After a three-year hiatus, the Singapore Open golf showpiece is on course to return with a new title sponsor next year.
The Straits Times has learnt that a Japanese bank is set to step in for Britain's Barclays, which chose not to extend its seven- year deal in December 2012, a month after the competition was last held.
Sentosa Golf Club - the tournament's home since 2005 - confirmed it has been approached by promoter World Sports Group (WSG) to re-stage the event, once Asia's richest national Open with a US$6 million (S$8 million) prize purse.
A date either in January or February next year has been targeted, with the Asian Tour and the Japan Golf Tour in talks to co-sanction the tournament.
WSG president (ASEAN & Australia) Mark Hardess told The Straits Times yesterday that an official announcement with "good news for Singapore golf" will be made at the end of this month.
While sources revealed the new prize pot will be less than US$2 million, Singapore Golf Association (SGA) president Bob Tan is confident Sentosa's lush Serapong course will still be able to draw the world's top golfers.
He said: "It is not about the prize money.

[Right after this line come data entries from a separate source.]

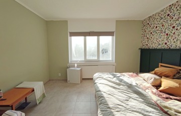 A családi ház az 1950-es évek elején épült betonozott alapzattal, kis pincével, amelyre 1986-ban ráépített a tulajdonosa egy új szintet, cserép héjalással, északnyugati fekvéssel, remek elosztású, szintenként nagyon tágas és világos szobákkal. A ház minden szempontból kellően világos.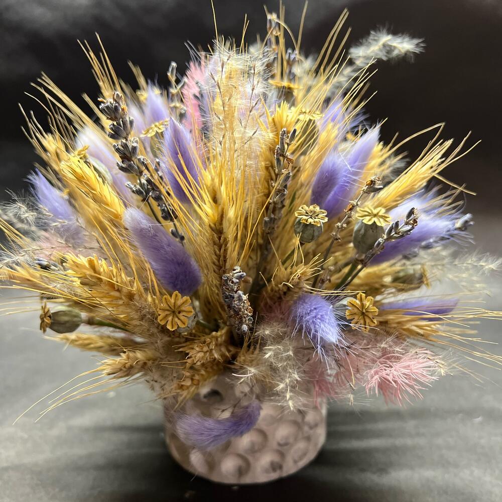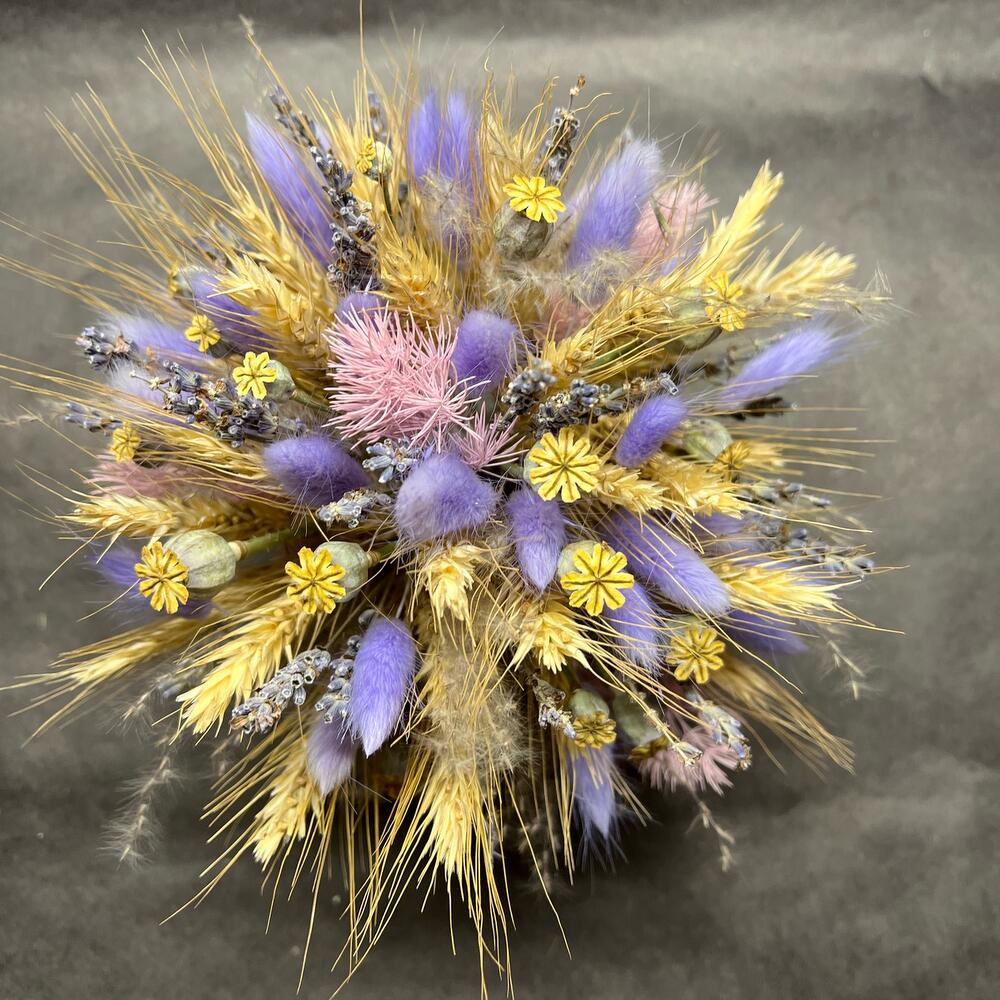 Колоски пшеницы – 20 шт.колосья мака – 10 шт.Лаванда (сухоцвет) – 15 шт.Лагурус (сухоцвет) – 20 шт.Кашпо керамическое – 1 шт.Оазис флористический – 1 шт.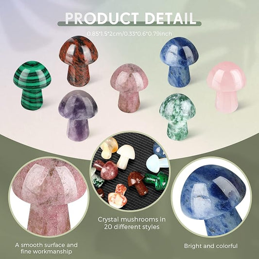 Nuanchu 120 Pieces Crystal Mushroom Sculpture Bulks Hand Making Gemstone Quartz Mushroom Polished Cute Stones Decor for Witchcraft Meditation Garden Home

The appearance fee is what gets the big names here, and I believe the organisers will do what it takes to put on a good show."
Since the Open was co-sanctioned by the Asian and European tours in 2009, elite players who have competed included Major winners Rory McIlroy, Adam Scott and Phil Mickelson.
In 2012, a final-day crowd of more than 20,000 witnessed young gun Matteo Manassero's play-off win over former British Open winner Louis Oosthuizen.
It is believed that WSG, which purchased the rights to the Open from the SGA till 2017, was contractually bound to hold an event by next year.
A lack of sponsors has been the main reason for the tournament's hiatus, with organisers also wanting to move to a new date to stay clear of inclement weather during its usual November slot.
The 53-year-old tournament also took a break from 2002 to 2004 to look for sponsors.
Local pro Quincy Quek, who played in five Opens, welcomed the impending return of Singapore's premier golf tournament.
The 27-year-old said: "It's important for our country to have a top-tier competition of our own to showcase golf to more fans and sponsors.
"I always look forward to the Singapore Open because we don't get many opportunities to play in front of friends and family."